This office action is in responsive to communication(s): original application filed on 12/05/2022, said application claims a priority filing date of 12/28/2021. Claims 1-5 are pending. Claims 1 and 4 are independent.
Drawings
Figure 1 should be designated by a legend such as --Prior Art-- because only that which is old is illustrated (see Page 2, lines 8-9 of the specification). See MPEP § 608.02(g). Corrected drawings in compliance with 37 CFR 1.121(d) are required in reply to the Office action to avoid abandonment of the application. The replacement sheet(s) should be labeled “Replacement Sheet” in the page header (as per 37 CFR 1.84(c)) so as not to obstruct any portion of the drawing figures. If the changes are not accepted by the examiner, the applicant will be notified and informed of any required corrective action in the next Office action. The objection to the drawings will not be held in abeyance.

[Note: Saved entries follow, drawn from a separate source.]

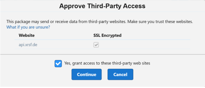 Hintergrund: Im Rahmen der Installation muss die Freigabe erteilt werden, verschiedene Schnittstellen anzusprechen. Neben der Schnittstelle muss auch die Kommunikation mit den Servern von XRSF für den reibungslosen Betrieb des Tools hergestellt werden.
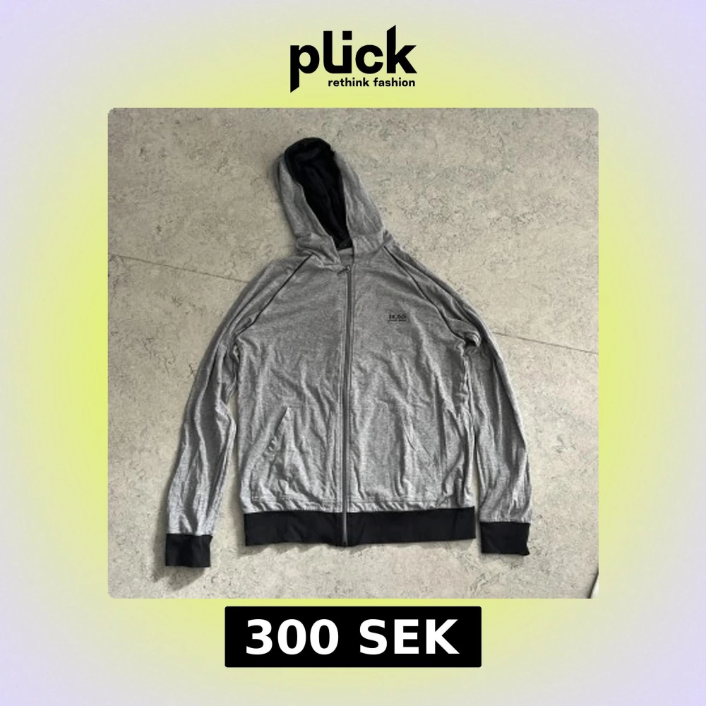 Snygg grå hoodie från Hugo Boss med svart foder i huvan och svarta muddar. Tröjan har hel dragkedja framtill, två fickor och diskret Boss-logga på bröstet.
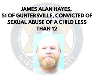 On September 3, 2024, Hayes entered the Geraldine Police Department where he informed officers that he needed to confess to a crime that occurred in Marshall County. Inv. Hagan Wilbanks and Inv. Robert Fann responded for the Guntersville Police Department and the Marshall County Sheriff’s Office, respectively. Hayes confessed to Inv. Wilbanks and Inv. Fann that he molested a family member while living in Guntersville when she was approximately 9 years old.
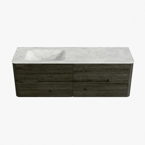 Mondiaz CIRO-DLUX Badkamermeubelset - 150x45x50cm - Solid surface wastafel Opalo - 1 wasbak Links - zonder kraangaten - 4 lades - Shadow
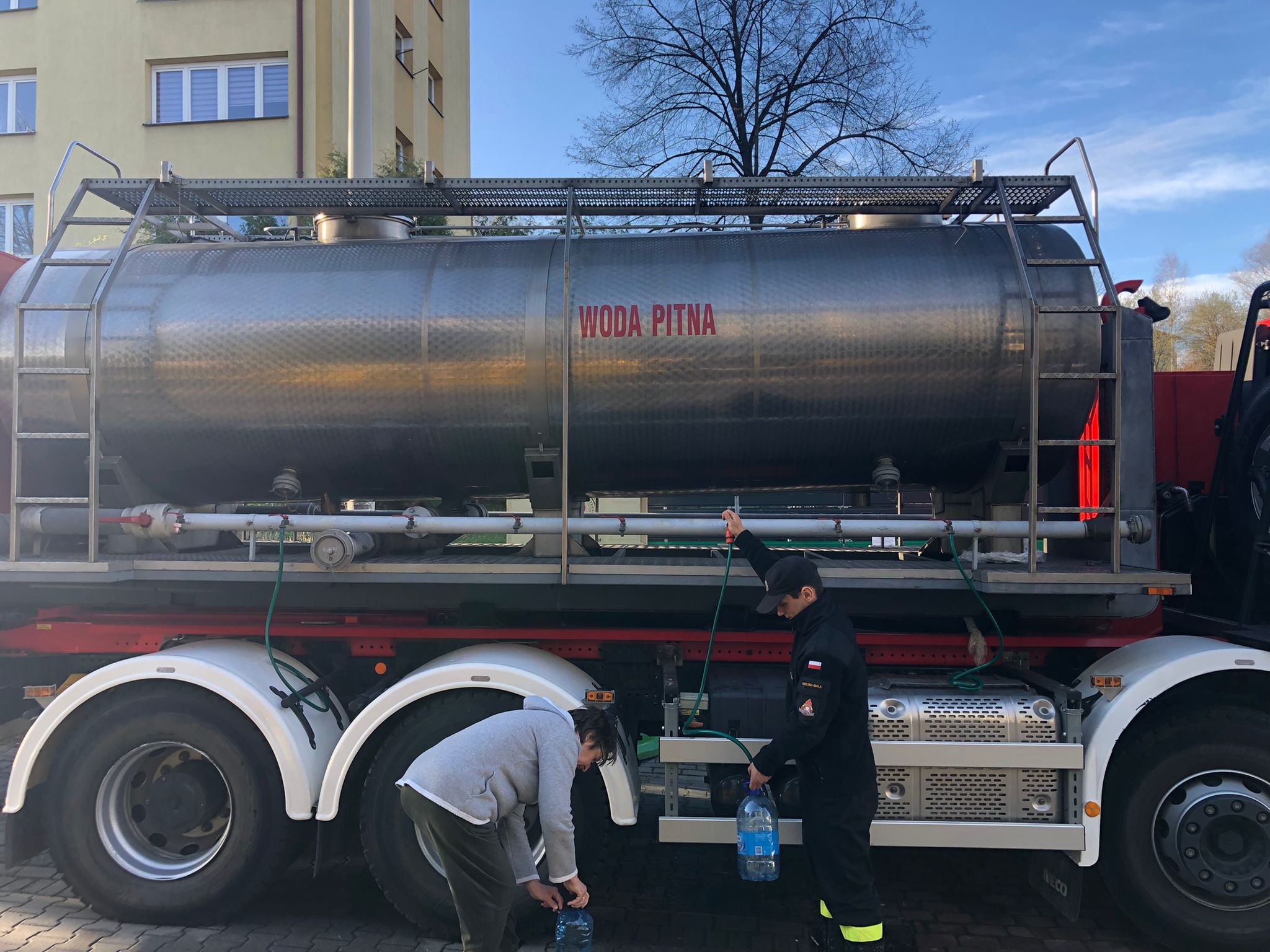 Ponadto strażacy z jednostek ochotniczych straży pożarnych z terenu Bielska-Białej dostarczają od wczoraj wodę osobom, które nie były w stanie same podejść do beczkowozów. W tym celu jeździli ulicami miasta i przez megafon przekazywali komunikat o możliwości dostarczenia wody bezpośrednio do mieszkań. Rozdawano wodę w 5 i 1,5 litrowych butelkach.

The drawings are objected to as failing to comply with 37 CFR 1.84(p)(5) because they do not include the following reference sign(s) mentioned in the description: 120 in Page 12, lines 2-8. Corrected drawing sheets in compliance with 37 CFR 1.121(d) are required in reply to the Office action to avoid abandonment of the application. Any amended replacement drawing sheet should include all of the figures appearing on the immediate prior version of the sheet, even if only one figure is being amended. Each drawing sheet submitted after the filing date of an application must be labeled in the top margin as either “Replacement Sheet” or “New Sheet” pursuant to 37 CFR 1.121(d). If the changes are not accepted by the examiner, the applicant will be notified and informed of any required corrective action in the next Office action. The objection to the drawings will not be held in abeyance.

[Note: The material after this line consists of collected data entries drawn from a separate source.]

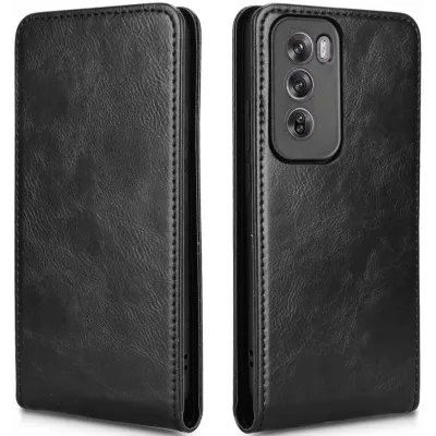 • Coque portefeuille Phonesta Leather Vertical Flip pour Oppo Reno12 Pro - Noir
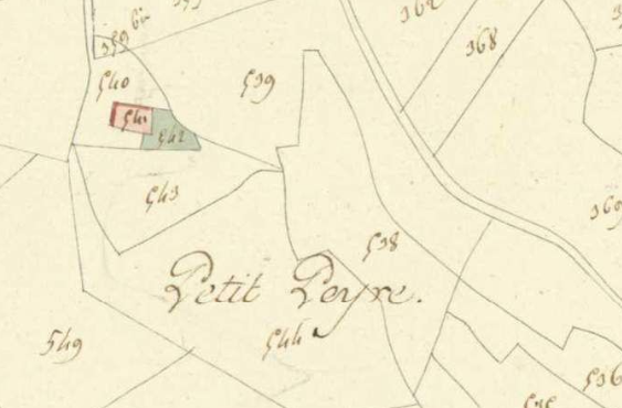 La première mention du lieu Petit Peyre le positionne comme une extension de Cenoux : il s’agit de l’acte de baptême de Pierre Muthuon, en 1709. Par la suite, et tout au long du 18e siècle, seuls des membres de cette famille habiteront ce lieu.
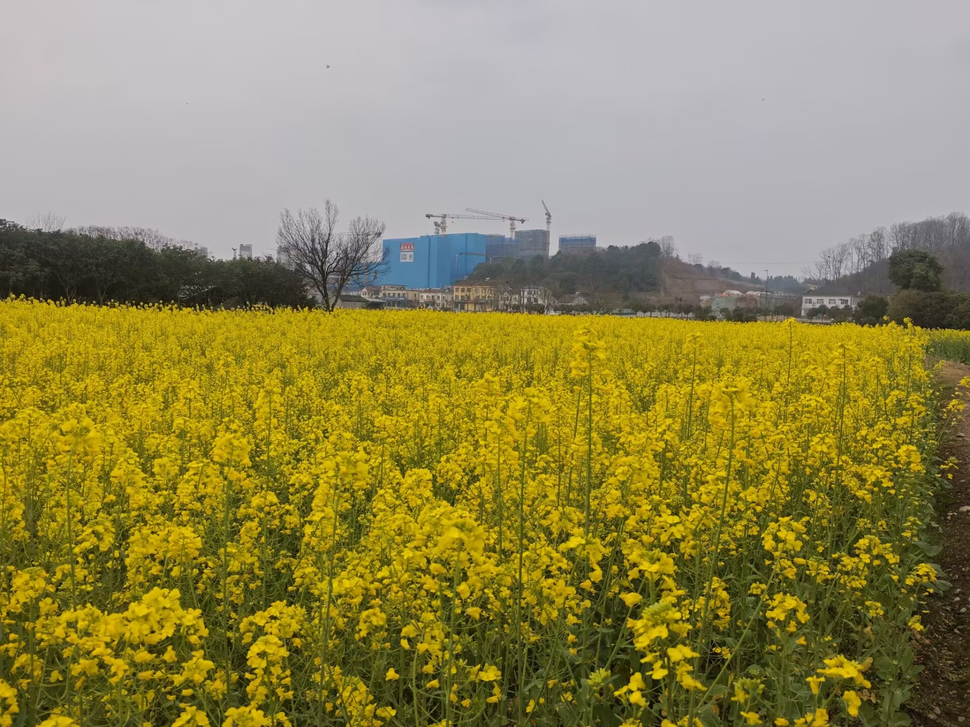 那黄,不是淡淡的浅黄,而是浸了阳光、揉了暖意的浓艳。从山脚的坡地漫开,沿着田埂绕着屋舍,爬过关公坊的厂区,一路铺到龙凤山的半山腰。是谁撞翻了老天的黄漆桶?泼洒得毫无章法,却又像神来之笔,每一抹都恰到好处。田埂是界线,却拦不住这一股烂漫,金黄漫过土埂,把一块块梯田连成一片金色的海。风从柏临河面溜过来,撩动花枝,万千朵菜花频频点头,掀起层层叠叠的金浪,簌簌的声响里,是春天最鲜活的节拍。

The drawings are objected to as failing to comply with 37 CFR 1.84(p)(4) because (1) reference characters "220" in FIG. 3; Page 10, line 8; Page 12, line 23; Page 13, line 25 – Page 14, line 26; Page 16, line 12 – Page 17, line 4; Page 18, line 21; and Claims 1 and 3 and "120" in Page 2, lines 2-8 have both been used to designate "reinforcement learning agent"; and (2) reference characters "123" in FIG. 4 and "213" in Page 12, line 28; Page 14, line 2; Page 18, line 20; and Claim 3 have both been used to designate "simulation portion". Corrected drawing sheets in compliance with 37 CFR 1.121(d) are required in reply to the Office action to avoid abandonment of the application. Any amended replacement drawing sheet should include all of the figures appearing on the immediate prior version of the sheet, even if only one figure is being amended. Each drawing sheet submitted after the filing date of an application must be labeled in the top margin as either “Replacement Sheet” or “New Sheet” pursuant to 37 CFR 1.121(d). If the changes are not accepted by the examiner, the applicant will be notified and informed of any required corrective action in the next Office action. The objection to the drawings will not be held in abeyance.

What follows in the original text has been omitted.